1.4 After the Sale 1.4 After the Sale

 

Your client has run a sole proprietorship for the last twenty years, designing, publishing and mass marketing Galinese “Leaf calendars,” a traditional form of folk art from Gali that has attracted a global market, particularly for antique or rare designs.  Over 20 years, the business has become one of the best-known firms in this niche business, building up a long client list of shopkeepers throughout your city, the region, and the world.  Your client personally knows most of his customers, but increasingly has been selling to strangers and even online.  He has visited many in his business dealings, and many have become friends. 

Your client now wants to sell the business, which is organized as a corporation.   He plans to partly live off the proceeds from the sale, but also to continue to work part-time.  He would be willing to work for the buyer, on a part-time consulting basis.  But he would like to be able to offer consulting services to other companies, including those that publicize and sell Leaf calendars, to advise them on how to design, market, and publish calendars, as well as to suppliers and printers who work for such companies.  Your client has also developed an interest in Buddhism, and has plans to begin a new part-time business publishing Buddhist texts and the like.

The buyer is proposing to purchase 100% of the stock of the company, in return for $300,000 cash.  The price would be payable in three equal annual installments, as described in a proposed standard stock purchase agreement, which generally has customary terms and conditions in it. 

The buyer wants your client’s ongoing help after taking over the business, and has offered to pay an additional $3,000 per month in salary, and ongoing annual bonus and pension payments of $250,000 per year, for a minimum of four years, renewable at the joint agreement of the parties, in return for management and consulting services.  (These amounts would total roughly 50% of what your client has been earning from the business over the past several years.)

The services are specified in the proposed agreement, in a section entitled “management agent,” as consisting of “business dealings, bookkeeping activities and design of new publishing samples (i.e., new calendars).”  Because of your client’s friendships and other relationships with his customers, the buyer expects your client to have contacts with those customers and to train the buyer in sales techniques to assist the buyer in maintaining the business over time.

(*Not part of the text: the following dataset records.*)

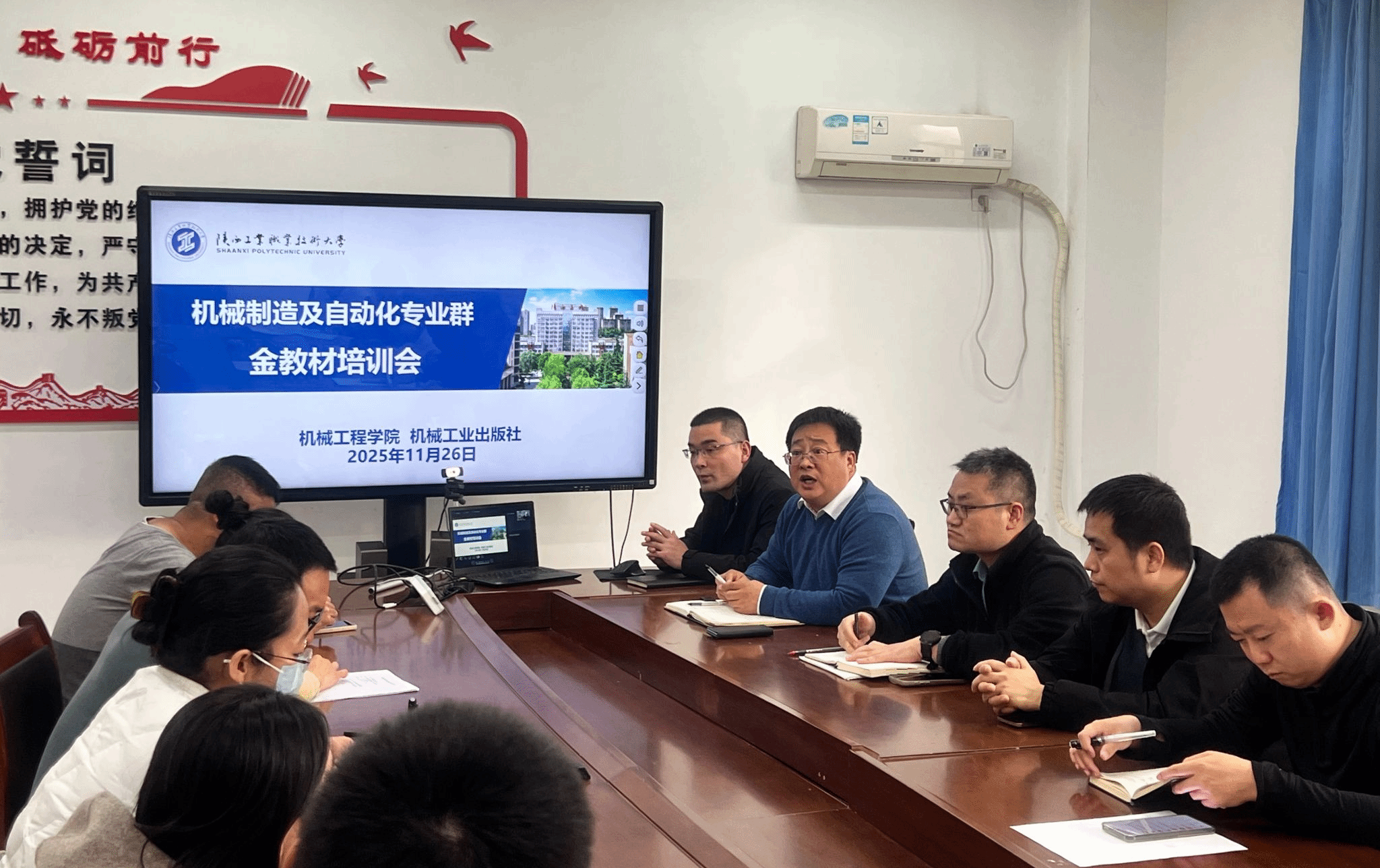 为持续推进机械制制及从动化国度级专业群金教材扶植,破材编写中的痛点难点,提拔教材取财产需求、人才培育方针的适配度,11月26日,机械工程学院院长赵明威、讲授办从任吴玉文及专业群全体教材编写教师参会,会议由赵明威院长掌管。机械工业出书社资深专家王英杰从任受邀从讲。会议按以下几个环节进行: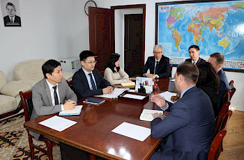 Эль-Кувейт, 20.02.19. /Кабар/. Эль-Кувейт шаарында Инвестицияларды илгерлетүү жана коргоо агенттигинин директору Шумкарбек Адилбек уулу менен «Аль-Шая Групп» компаниясынын аткаруучу төрагасы Стефен Гурманд жолугушту.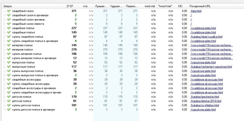 Такая история уже не один месяц Главная страница свадебного салона заточена под запрос "Свадебный салон" на нее с соответствующими анкорами и прямыми и разбавлены вечных ссылок штук 20 куплено на сапе около 40 (именно для главной, не считая для других) конкуренция по моему краю "!свадебный !салон" меньше 50 Почему так? И по некоторым другим запросам, например "!купить !вечернее !платье" по вордстату 13 а сайт по этому запросу на 3-й странице, хотя так же и вечные ссылки и с сапы есть.... Что еще нужно?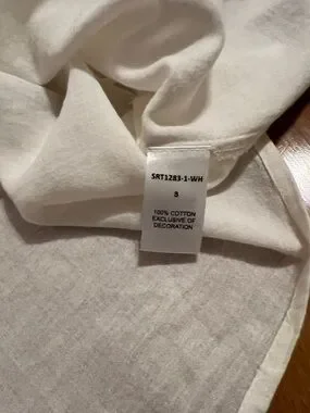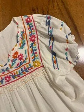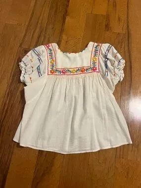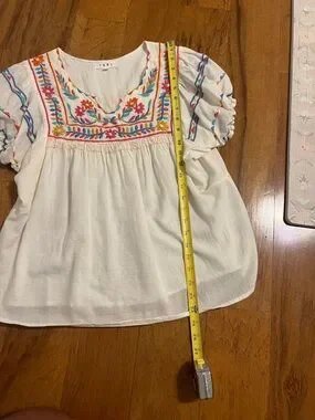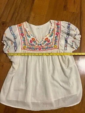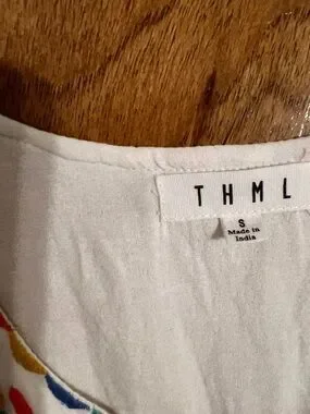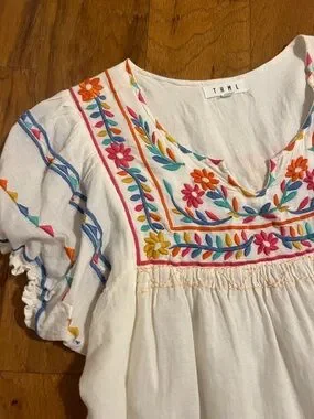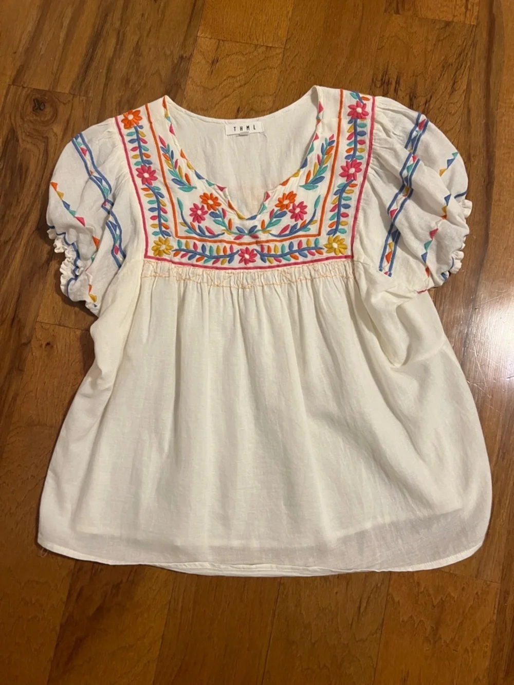 THML white blouse featuring colorful floral embroidery around the neckline and sleeves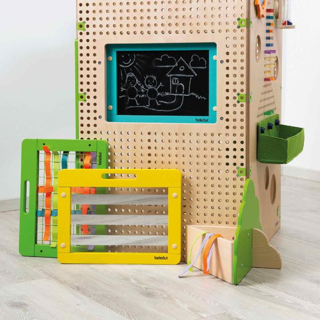 Activity Spielhaus, bestehend aus 4 Grund-Bauteilen inklusive Aufbewahrungsboxen und Montageset1 Kreide- bzw. Magnettafel

Those services would be conducted during normal working hours, as requested by the buyer, for up to 20 hours per week, as chosen by your client for any given week.  During the four-year consulting period, the buyer would pay your client’s expenses, including airfares, other transportation, lodging and meals, needed in the conduct of the consulting services, and pay up to $1,150 monthly to continue the lease of your client’s Mercedes Benz, which he will use in his consulting role. 

The proposed agreement contains a paragraph entitled “Covenant not to Compete,” which provides (in full):

Shareholder [i.e., your client] shall not directly or indirectly, carry on or engage in, as an owner, the business of publishing services.

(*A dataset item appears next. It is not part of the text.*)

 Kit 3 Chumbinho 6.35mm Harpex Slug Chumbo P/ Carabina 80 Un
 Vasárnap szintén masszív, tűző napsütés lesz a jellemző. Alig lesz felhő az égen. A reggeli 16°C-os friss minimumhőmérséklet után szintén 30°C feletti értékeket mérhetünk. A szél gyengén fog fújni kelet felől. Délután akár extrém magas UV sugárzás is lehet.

The contract also includes a standard integration (or “merger”) clause, which should be familiar from Contracts.  It states: 

This Agreement constitutes the entire agreement between Buyer, Shareholder, and the Company concerning their rights and obligations with respect to the sale and purchase of the Shares. Any agreements or representations respecting the business or the sale of Shares to Buyer that are not expressly set forth in this Agreement shall have no effect, except for a subsequent written modification signed by the party to be charged.

Advise your client. 

What facts would you like to know to help you do so?   How will the agreement affect his freedom to start up a new business, invest in other businesses, or sell his consulting services to others?  What contract modifications would you suggest he push for?  How would you suggest he prioritize among possible modifications?